Ce n’est qu’à partir du milieu des années 2000 que Miss.Tic se défait d’une marginalité jusqu'alors inconfortable : « Ce qui était dans les années 1980 de la culture underground ou de la contre-culture est devenu une référence socioculturelle. Miss.Tic et la génération d’artistes qui l’accompagnent ayant modifié peu ou prou nos repères esthétiques et moraux (p. 157[5]) ». Les institutions commencent donc à accréditer certains artistes de ce mouvement, essentiellement masculin, dans lequel Miss.Tic incarne la femme libre et indépendante, en syntonie avec l’évolution des mœurs. « Contrairement à beaucoup d'artistes qui viennent de la rue, Miss.Tic a su créer un langage et le faire évoluer », remarque le commissaire-priseur Pierre Cornette de Saint Cyr[n 2],[3].

La presse nationale se met à lui consacrer de longs articles[7]. Un fan-club[8] est créé et soutient sa campagne « Miss.Tic Présidente » où elle aborde la politique[n 3] par anti-slogans.

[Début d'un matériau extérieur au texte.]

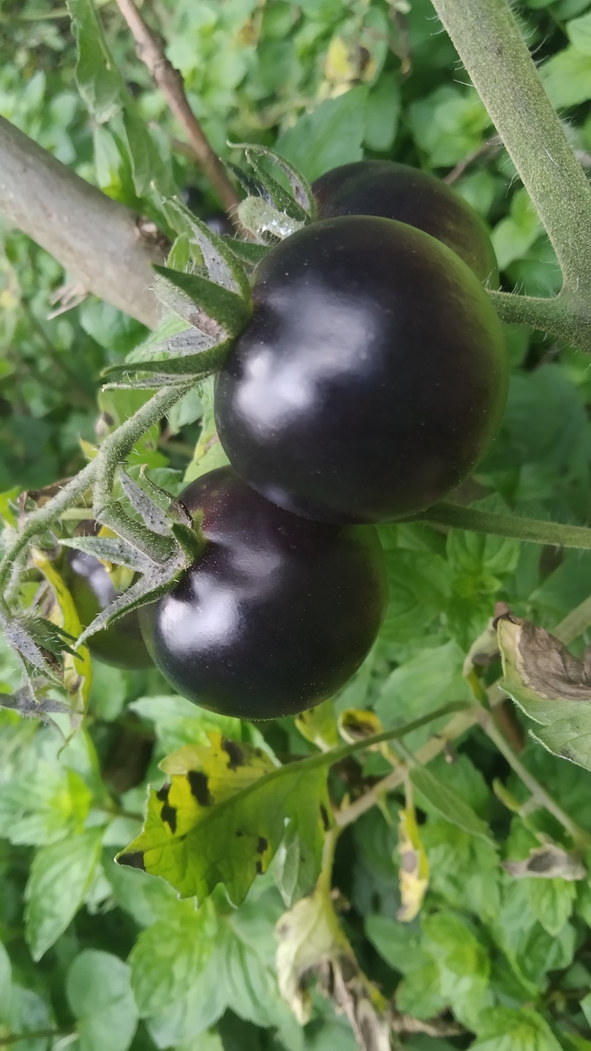 Най- тъмни са т. н. "сини" домати (не са патладжани 😃). Тази част от тях, която е огрява от слънцето, става почти черна, има и места с тъмно червено. От вътре са с нормален червен цвят. Май всички са дело на американски селекционер. Не знам да продават у нас семена от такива сортове. Купуват се от нета или се разменят семена с други хора. Аз имам един сорт с нормални по размер домати и едно чери, което явно не е много стабилно като сорт. Като цяло са по-късни. Ето как изглеждат.

Des marques s’intéressent à son travail, à son image de Parisienne et de sorcière ludique : loueur automobile, maroquinier, couturier, papetier[9]

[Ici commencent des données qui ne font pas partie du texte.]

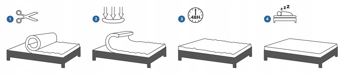 (1) Po otrzymaniu materaca, zdejmij z niego folię ochronną. (2) Umieść materac na stelażu łóżka. (3) Pozostaw materac na 48-72 godziny, aby osiągnął pełną objętość. (4) Używaj materaca dopiero po przywróceniu jego właściwego kształtu.

Les expositions dans des galeries de renom se font plus fréquentes. Des foires d'art contemporain l’invitent, à Venise ou à Miami. En 2007, Miss.Tic entre dans la collection du Victoria and Albert Museum de Londres. Le cinéaste Claude Chabrol lui demande de réaliser l’affiche de son film La Fille coupée en deux.

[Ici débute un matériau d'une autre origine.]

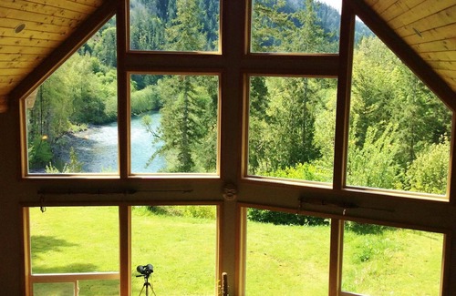 River House, a 2672 sf home on a high bank above the Elwha River, features views of the River and the distant snow-topped mountains that are a photographer's delight, an ever-changing vista of light and shadow.

Des commandes publiques surviennent : à Lyon, le ministère du Logement et de la Ville; sous la tutelle de Christine Boutin; lui commande plusieurs pochoirs en 2007, sous l'intitulé Réunions de chantier. La même année, la ville d’Orly[5] lui commande une œuvre pour la façade de la résidence d’étudiants Léo-Ferré ; une consécration, en même temps qu’un émouvant retour aux sources.

Si son travail présenté en galerie évolue, les couleurs et les supports aussi : toiles, plaques d’acier rouillé, parpaings, papiers déchirés et collés donnent une nouvelle dimension plastique à son œuvre. Ses compositions comme son trait affichent une pleine maîtrise, d'un niveau jamais atteint.

Les éditions Grasset publient, en novembre 2008, un recueil de ses phrases et de ses dessins, sous le titre Je prête à rire mais je donne à penser. En mai 2010, une rétrospective de son œuvre est organisée à Singapour[n 4] avec le soutien de l’Alliance française. Fin 2010, a lieu à Paris[n 5] une grande exposition dans laquelle l'artiste présente, sur de nouveaux supports d'affiches lacérées et de palissades de bois blanc, une variation sur le thème de l'amour, entre passion et illusion. Parallèlement, est publié un livre d'images et de textes personnels[n 6], parfois intimes, écrits par Miss.tic.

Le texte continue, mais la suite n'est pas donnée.